#### [Stored items from a collection]
◆ ◆ ◆ ◆ ◆ ◆ ◆

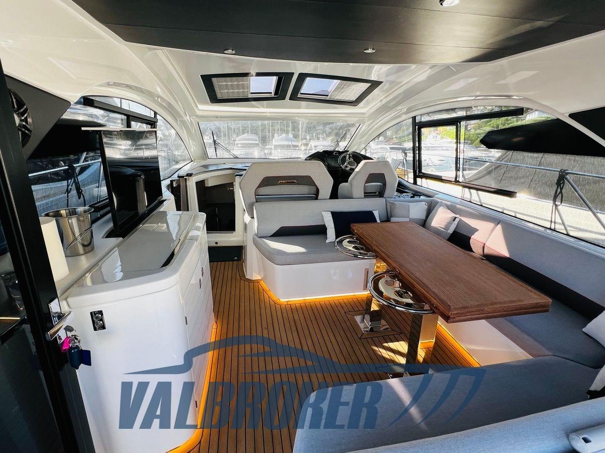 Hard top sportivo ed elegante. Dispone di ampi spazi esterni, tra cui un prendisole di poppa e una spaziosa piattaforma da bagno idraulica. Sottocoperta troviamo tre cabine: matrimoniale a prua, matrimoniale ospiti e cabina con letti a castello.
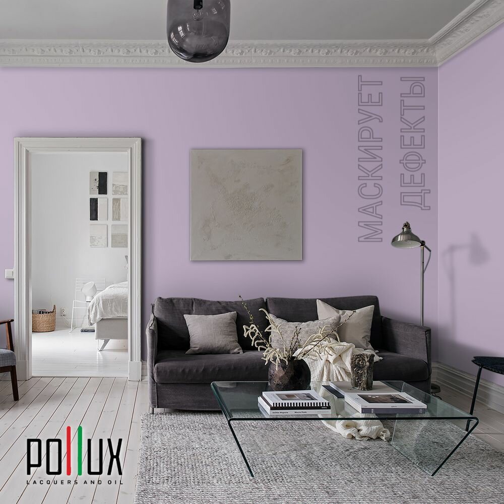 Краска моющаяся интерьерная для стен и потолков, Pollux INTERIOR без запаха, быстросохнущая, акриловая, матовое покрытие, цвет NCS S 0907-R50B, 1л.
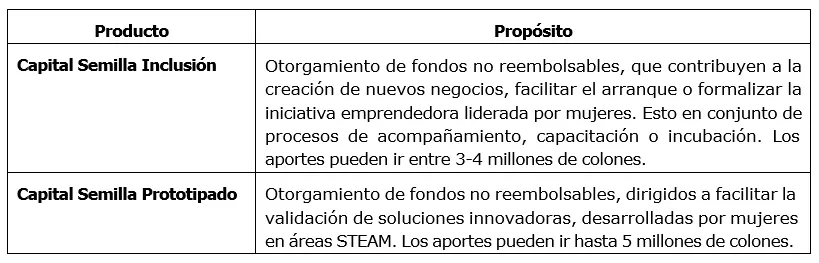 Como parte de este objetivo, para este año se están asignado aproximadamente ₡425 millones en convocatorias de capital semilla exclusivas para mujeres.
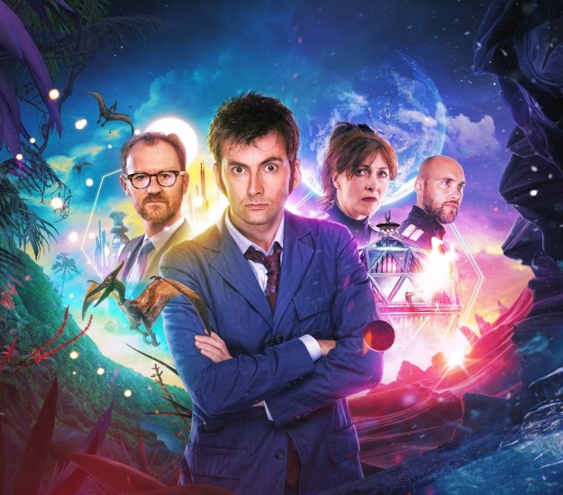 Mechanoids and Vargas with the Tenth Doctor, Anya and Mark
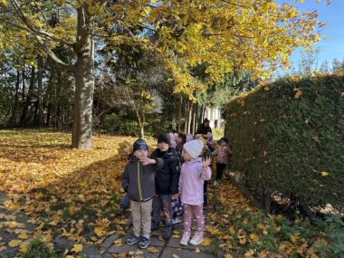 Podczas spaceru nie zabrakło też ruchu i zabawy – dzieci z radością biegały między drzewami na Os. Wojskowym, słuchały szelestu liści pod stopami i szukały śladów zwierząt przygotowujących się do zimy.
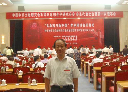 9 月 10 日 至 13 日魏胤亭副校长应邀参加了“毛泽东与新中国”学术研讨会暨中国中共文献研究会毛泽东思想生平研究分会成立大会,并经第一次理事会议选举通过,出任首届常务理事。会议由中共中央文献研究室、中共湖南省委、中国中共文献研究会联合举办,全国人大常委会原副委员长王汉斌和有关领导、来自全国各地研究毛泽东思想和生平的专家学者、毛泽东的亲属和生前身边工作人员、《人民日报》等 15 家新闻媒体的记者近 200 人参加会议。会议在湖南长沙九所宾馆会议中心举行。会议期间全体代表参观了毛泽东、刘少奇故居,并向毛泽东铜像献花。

◆ ◆ ◆ ◆ ◆ ◆ ◆

#### [What is required]
How would the lines above read from the one with "Como parte de" to the one with "Mechanoids and Vargas", inclusive, with no pictures? Write them out exactly.

#### [Exercise response]
 Como parte de este objetivo, para este año se están asignado aproximadamente ₡425 millones en convocatorias de capital semilla exclusivas para mujeres.
 Mechanoids and Vargas with the Tenth Doctor, Anya and Mark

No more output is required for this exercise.